Question

Find the volume of the solid generated when the curve \(y=3 x^{2}\) for \(0 \leq x \leq 1\) is rotated around the \(y\) axis.

Short answer

Answer: The volume of the solid is \(\dfrac{3}{2}\pi\) cubic units.

Step-by-step solution

Write the integral for the volume

The integral for the volume using the method of cylindrical shells is given by: \(V = 2\pi\int_0^1{x \cdot 3x^2 dx}\) Now we need to solve the integral to find the volume.

Evaluate the integral

First, simplify the integrand by multiplying \(x\) with \(3x^2\): \(V = 2\pi\int_0^1{3x^3 dx}\) Next, find the antiderivative of \(3x^3\): \(\int{3x^3 dx} = \dfrac{3}{4}x^4 + C\) Now, we will evaluate the definite integral using the limits \(0 \leq x \leq 1\): \(V = 2\pi\left[\dfrac{3}{4}(1)^4 - \dfrac{3}{4}(0)^4\right]\)

Calculate the volume

Now we just need to plug in the values and find the volume: \(V = 2\pi\left[\dfrac{3}{4} - 0\right] = \dfrac{3}{2}\pi\) Therefore, the volume of the solid generated when the curve \(y=3x^2\) is rotated around the \(y\)-axis is \(\dfrac{3}{2}\pi\) cubic units.

Key concepts

Cylindrical Shells Method

Understanding the cylindrical shells method is crucial when calculating the volume of a solid of revolution, especially when the axis of rotation is parallel to the y-axis. This method imagines the solid as being composed of numerous thin 'shells'. Each cylindrical shell is hollow, like a pipe segment, with the wall's thickness being an infinitely small value, typically represented by \( dx \) or \( dy \) depending on the axis of rotation.

To calculate the volume of each shell, we use the formula for the volume of a cylinder (\[ V_{shell} = 2\text{π}\text{radius}\text{height}\text{thickness} \]).
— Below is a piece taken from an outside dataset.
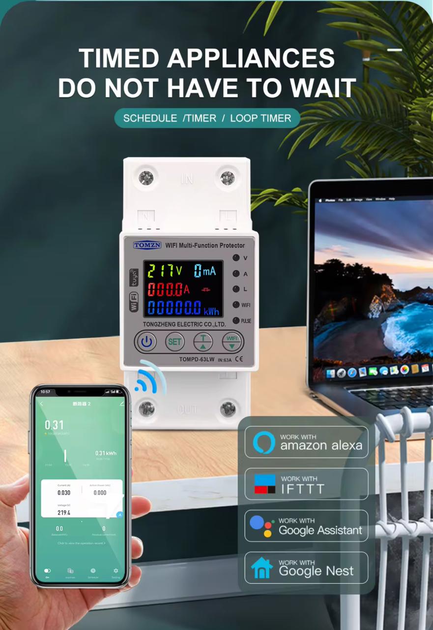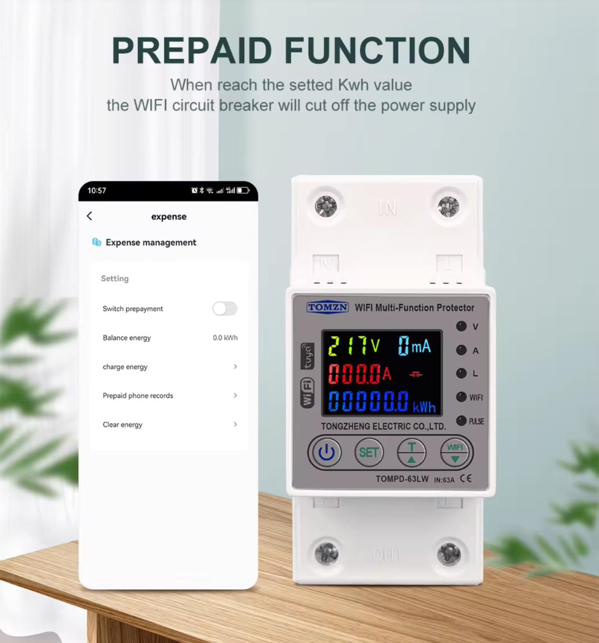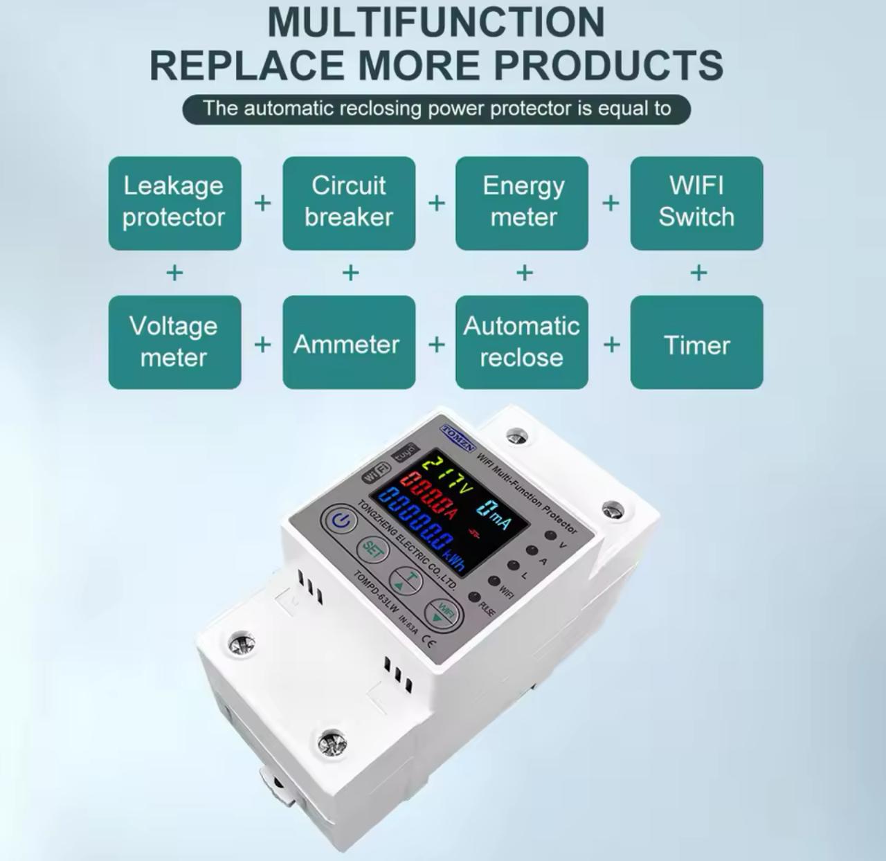 7.Over current protection 1A-63A (adjustable) (default: 40A)

In the problem at hand, the shells' radii are the distances from the y-axis (and can be thought of as the x-coordinates), the heights are given by the function (in this case, \( y = 3x^2 \) ), and the thickness of each shell is an increment along the x-axis (represented by \( dx \) ).

The integration of these volumes across the specified interval \( [0, 1] \) will result in the total volume of the solid. It's a beautiful application of integration to approach a complex three-dimensional problem through one-dimensional slices.

Definite Integral

A definite integral is a concept from calculus that is used to find the signed area under a curve. When it comes to the volume of solids of revolution, the definite integral accumulates the infinitesimal contributions of each cylindrical shell's volume.

In our exercise, \( \text{2π}\text{∫}_0^1{x \text{3x}^2 dx} \) represents the accumulation of all of the small cylindrical shells from \( x = 0 \) to \( x = 1 \) — the area we are interested in.

Evaluating the Definite Integral

Within the context of this problem, evaluating the definite integral requires finding the antiderivative of the function within the integrand and then applying the limits of integration. We often represent this evaluation as:
\[ V = F(b) - F(a) \]
where \( F(x) \) is the antiderivative and \( a \) and \( b \) are the limits of the definite integral.

Volume Calculation

Finally, the volume calculation brings together the cylindrical shells method and the definite integral. After evaluating the definite integral, we are left with the expression \( V = 2\text{π}\frac{3}{4} \), which needs to be simplified to provide the volume of the solid of revolution. Plugging in the numbers, we find that the volume is \( \frac{3}{2}\text{π} \) cubic units.

It's important to realize that this calculation gives us a concrete volume for an abstractly defined shape, which we conceptualize without having to physically construct the object. The beauty of mathematics is how it enables these theoretical constructs and provides exact answers for otherwise intangible concepts.

Understanding each step of this volume calculation, from the concept of using cylindrical shells to the execution of the definite integral, allows students to engage with complex geometry and calculus problems in a manageable and logical way.